[Start of Attachment]

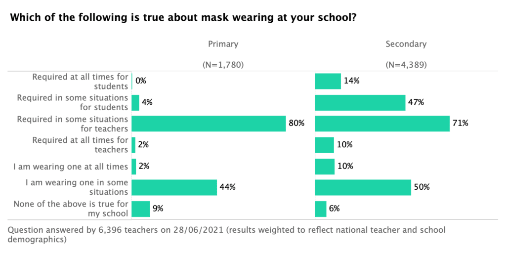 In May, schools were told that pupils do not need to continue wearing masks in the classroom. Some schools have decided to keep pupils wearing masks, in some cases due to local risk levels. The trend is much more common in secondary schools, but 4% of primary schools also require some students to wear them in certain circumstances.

[End of Attachment]
[Start of Attachment]

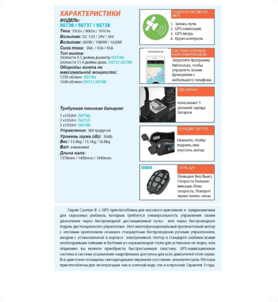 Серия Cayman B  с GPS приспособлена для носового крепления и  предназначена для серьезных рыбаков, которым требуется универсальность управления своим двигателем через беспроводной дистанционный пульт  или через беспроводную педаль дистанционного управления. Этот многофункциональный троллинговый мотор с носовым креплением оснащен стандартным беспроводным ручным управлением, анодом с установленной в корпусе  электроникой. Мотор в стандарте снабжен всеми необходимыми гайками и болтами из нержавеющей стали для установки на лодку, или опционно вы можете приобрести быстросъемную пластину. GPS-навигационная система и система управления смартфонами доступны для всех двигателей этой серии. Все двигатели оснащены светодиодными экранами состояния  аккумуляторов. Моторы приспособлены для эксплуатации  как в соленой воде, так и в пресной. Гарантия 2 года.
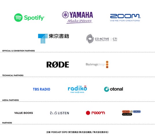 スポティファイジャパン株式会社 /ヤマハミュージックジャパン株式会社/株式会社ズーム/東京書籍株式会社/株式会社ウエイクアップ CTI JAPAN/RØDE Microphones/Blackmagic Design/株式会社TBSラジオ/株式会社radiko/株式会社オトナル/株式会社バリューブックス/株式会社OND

[End of Attachment]

Nothing but the lines from the one with "Серия Cayman B" to the one with "CTI JAPAN/RØDE Microphones/Blackmagic" above, both included, should be transcribed, exactly and without pictures.

 Серия Cayman B  с GPS приспособлена для носового крепления и  предназначена для серьезных рыбаков, которым требуется универсальность управления своим двигателем через беспроводной дистанционный пульт  или через беспроводную педаль дистанционного управления. Этот многофункциональный троллинговый мотор с носовым креплением оснащен стандартным беспроводным ручным управлением, анодом с установленной в корпусе  электроникой. Мотор в стандарте снабжен всеми необходимыми гайками и болтами из нержавеющей стали для установки на лодку, или опционно вы можете приобрести быстросъемную пластину. GPS-навигационная система и система управления смартфонами доступны для всех двигателей этой серии. Все двигатели оснащены светодиодными экранами состояния  аккумуляторов. Моторы приспособлены для эксплуатации  как в соленой воде, так и в пресной. Гарантия 2 года.
 スポティファイジャパン株式会社 /ヤマハミュージックジャパン株式会社/株式会社ズーム/東京書籍株式会社/株式会社ウエイクアップ CTI JAPAN/RØDE Microphones/Blackmagic Design/株式会社TBSラジオ/株式会社radiko/株式会社オトナル/株式会社バリューブックス/株式会社OND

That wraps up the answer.